● **Exercise**
Pictures should be omitted; restate word for word the lines from the one holding "ସମର୍ଥନ ସଭାରେ ମହାସଭା ଅଧିଷ୍ଠିତ।" through the last line of the entries below.

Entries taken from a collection
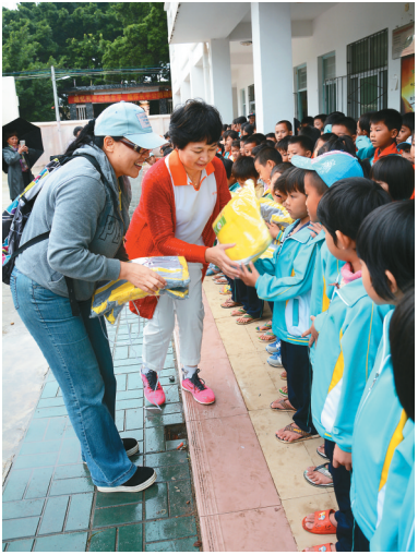
海南省乡村教育发展促进会将众筹的爱心校服和爱心鞋子送给乡村孩子。

2016年1月23日,记者在海南省乡村教育发展促进会的年会上获悉,海南火车头物流有限公司每年最少资助两位老师的生活补贴,“虽然我们公司资金不充裕,时间也不充裕,但我们希望为海南乡村教育贡献一份微薄之力。”公司负责人表示。在当天的年会上,有众多企业和爱心人士与海南省乡村教育发展促进会签署了长期的捐赠协议,
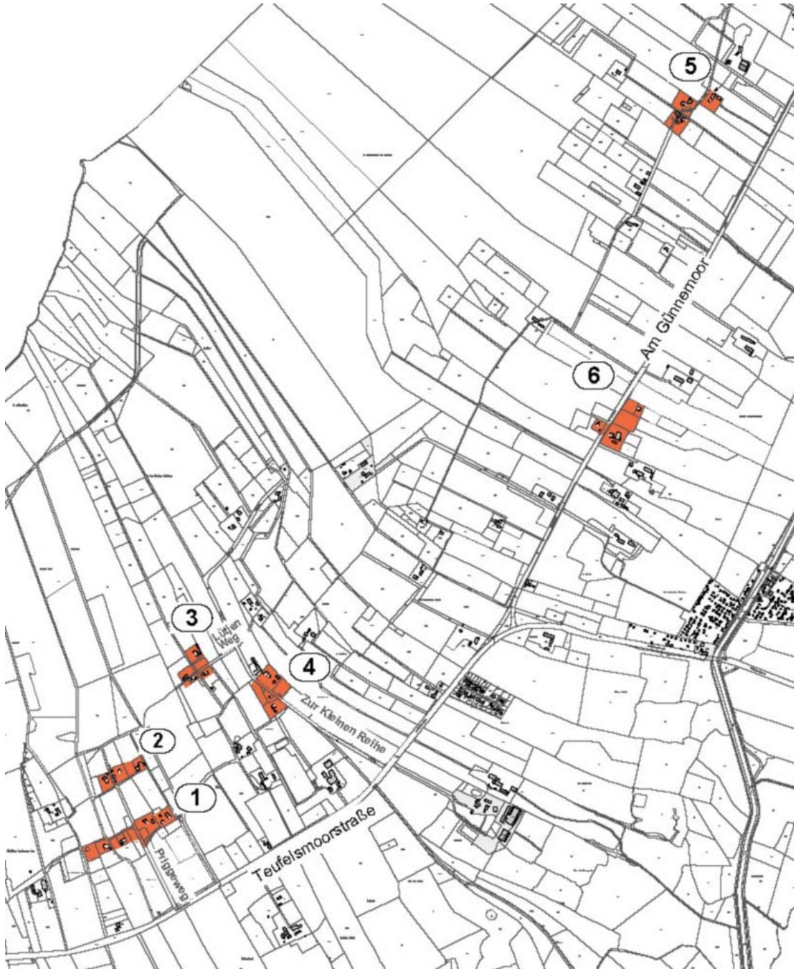
Abbildung 2: Räumliche Lage der sechs Teilbereiche der Satzung, ohne Maßstab.
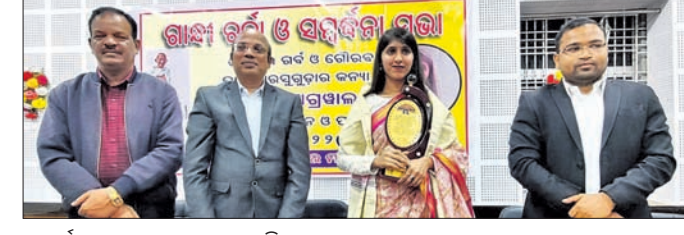
ସମର୍ଥନ ସଭାରେ ମହାସଭା ଅଧିଷ୍ଠିତ।
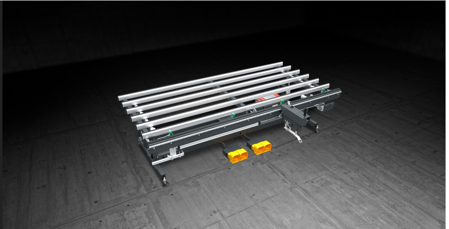
Table pour le montage de ferrures d'oscillo-battant sur ouvrants en aluminium, bois et PVC. Un système d'étaux escamotable assure le serrage de l'ouvrant. La table est équipée d'un système de vissage à alimentation automatique et, en option, d'un système pour le mesurage et la coupe des ferrures au moyen de la cisaille hydropneumatique.
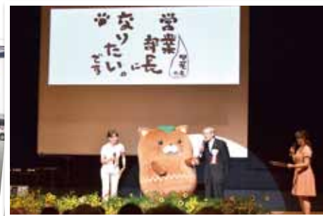
甲斐市は昨年の9月で合併10周年をむかえ、マスコットキャラクターの「やはたいぬくん」がデビューしました。
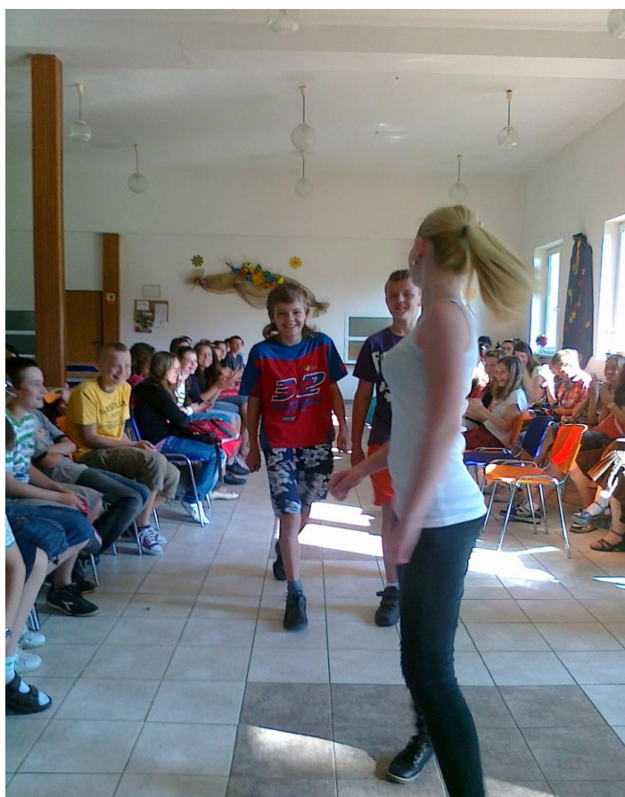
Na móle bolo naozaj veselo
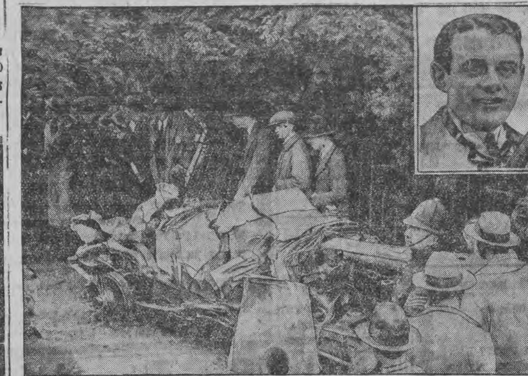
ס'איז אומגעקומען דער בעקאנטער אויטאמאביליסט דענפי (אין ווינקל).

● **Reply to the exercise**
ସମର୍ଥନ ସଭାରେ ମହାସଭା ଅଧିଷ୍ଠିତ।
Table pour le montage de ferrures d'oscillo-battant sur ouvrants en aluminium, bois et PVC. Un système d'étaux escamotable assure le serrage de l'ouvrant. La table est équipée d'un système de vissage à alimentation automatique et, en option, d'un système pour le mesurage et la coupe des ferrures au moyen de la cisaille hydropneumatique.
甲斐市は昨年の9月で合併10周年をむかえ、マスコットキャラクターの「やはたいぬくん」がデビューしました。
Na móle bolo naozaj veselo
ס'איז אומגעקומען דער בעקאנטער אויטאמאביליסט דענפי (אין ווינקל).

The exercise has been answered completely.